The Amendment Under Section 254(2) In Respect Of Time Limit Of Six Months For Rectification Is Prospective And Applicable To The Orders Passed After 01.06.2016.
At present, as per section 254(2) of the Income Tax Act, 1961 (hereinafter referred to as the ‘Act’), the Appellate Tribunal may, at any time within six months from the end of the month in which the order was passed (substituted for “four years from the date of the order” by the Finance Act, 2016, w.e.f. 1-6-2016), with a view to rectifying any mistake apparent from the record, amend any order passed by it under sub-section (1), and shall make such amendment if the mistake is brought to its notice by the assessee or the Assessing Officer. It has been provided that an amendment which has the effect of enhancing an assessment or reducing a refund or otherwise increasing the liability of the assessee, shall not be made under this sub-section unless the Appellate Tribunal has given notice to the assessee of its intention to do so and has allowed the assessee a reasonable opportunity of being heard.
Recently, in Lucent Technologies GRL LLC, (Since merged with Alcatel Lucent USA Inc) vs. ADIT (International Taxation) [MA No.411/Mum/2016 to 414/Mum/2016 (Arising out of ITA No.7001/Mum/2010) (A.Y.2003-04), decided on 09/10/2017], briefly, miscellaneous applications were filed by the assessee seeking rectification of mistake apparent on the record in the order dated 06/09/2013 passed by the Tribunal while disposing of bunch of appeals filed by the Department.
It was argued by learned AR that similar miscellaneous application filed by Reliance Communication Ltd., had been allowed by the Tribunal vide its order dated 18/11/2016. It was also brought to notice that assessee was also party in the order passed by the Tribunal dated 06/09/2013 alongwith Reliance Communication Ltd.
Learned DR fairly agreed that issue was covered by the order of the Tribunal dated 18/11/2016, however, he contended that ITAT had no power under the Act to consider miscellaneous application in so far as section 254(2) of the Act was amended w.e.f. 01/06/2016 whereby power of ITAT to consider mistake apparent from record was restricted to six months from the end of month in which the order was passed. As per learned DR the order in respect of which miscellaneous applications were preferred were passed on 06/09/2013 whereas these miscellaneous applications had been preferred in December 2016 i.e., after amendment, hence ITAT had no power under the Act to consider the miscellaneous applications.
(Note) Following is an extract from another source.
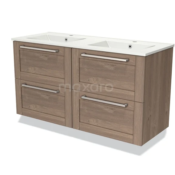 Modulo Waschtische | 120 cm Mittelbraune Eiche Rahmen front Keramik 4 Schubladen

Learned DR further contended that since these miscellaneous applications were not pending as on 01/06/2016, it cannot be said that assessee had any vested right.
It was further contended by learned AR that that the amendment by the Finance Act, 2016 with effect from 01 June 2016 reducing the time limit prescribed under section 254(2) of the Act to 6 months from the end of the month in which the Order sought to be rectified is passed is not applicable in the present case.
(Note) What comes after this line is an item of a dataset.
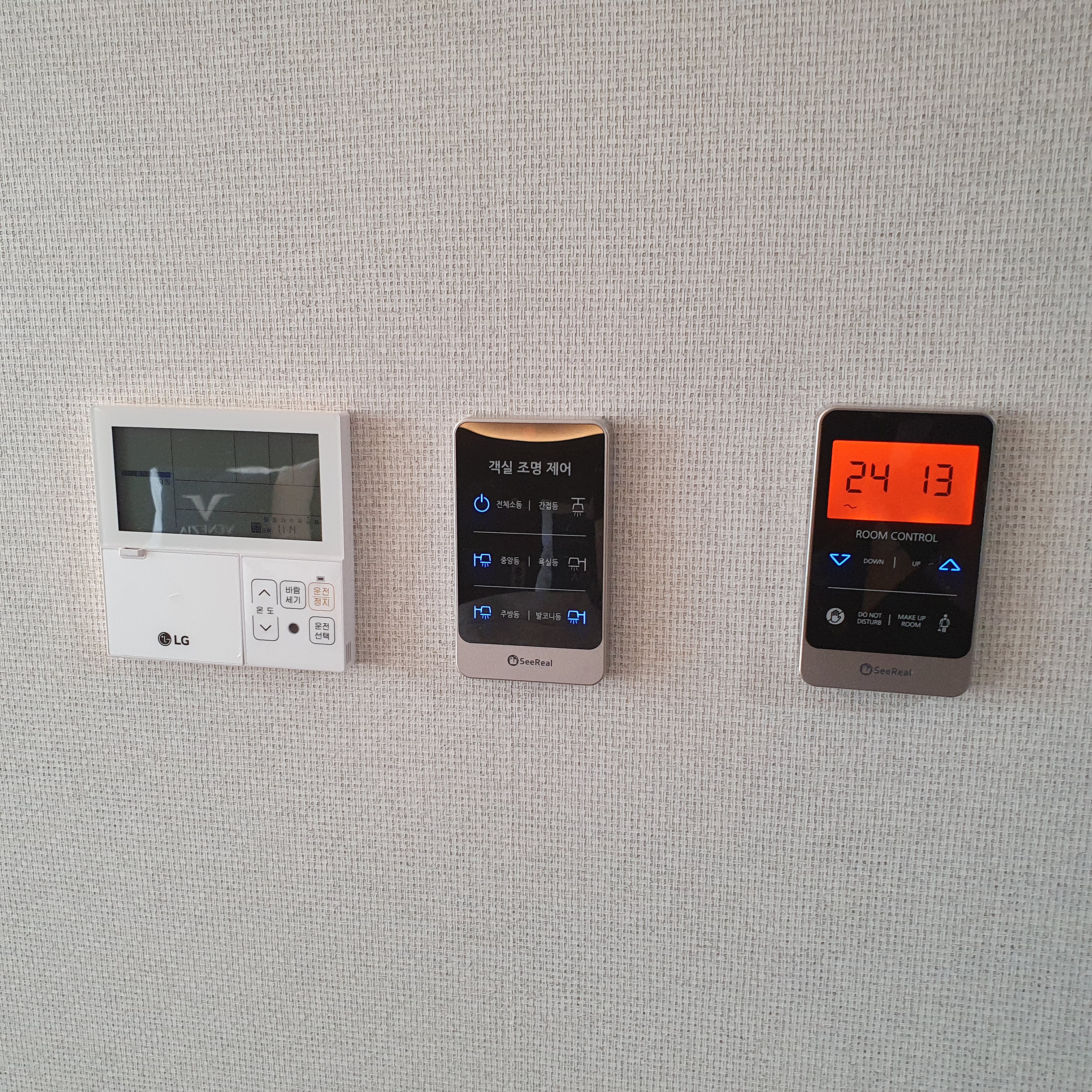 여수 베네치아호텔앤리조트 객실온도조절기와 조명을제어할수 있습니다. 보일러가 들어와서 바닥온도도 조절할 수있고 객실의

The learned Members of the Mumbai, ITAT held that right to appeal which includes right to file rectification application arises at the time of passing the original order and such right can only be taken away when there is a retrospective amendment. The amendment so brought in under section 254(2) of the Act is prospective and applicable to the orders passed after 01/06/2016, and not the orders passed prior to 01/06/2016. Undisputedly in the instant case the order of Tribunal sought to be rectified was dated 06/09/2013 which is much prior to the date of amendment. Accordingly, amended provisions of section 254(2) of the Act limiting the period of filing rectification application within a period of six months is not applicable to the instant case.
It was clear that the Co-ordinate Bench relied on by learned DR had not considered the decision of the Apex Court in the case of K. Raveendranathan Nair vs. CIT (in Civil Appeal No. 3131 of 2006) holding that right to appeal being a substantive right gets crystalized at the time of passing of the original order unless the same is taken away by retrospective amendment. Respectfully following the proposition of law laid down by Hon’ble Supreme Court, the learned Members of the Mumbai, ITAT held that we do not find any justification in declining the rectification application which was filed within the prescribed time limit prevailing prior to amendment brought in section 254(2) of the Act w.e.f. 01/06/2016, on merits the miscellaneous applications have to be allowed in view of the decision of the ITAT in the case of Reliance Communication Ltd. and Others vs. DCIT (in MA No. 143/M/2014 & Ors). This Order of the ITAT has subsequently also been approved by the Bombay High Court in the case of CIT vs. ITAT & Ors [in WP (L) No. 708 of 2017].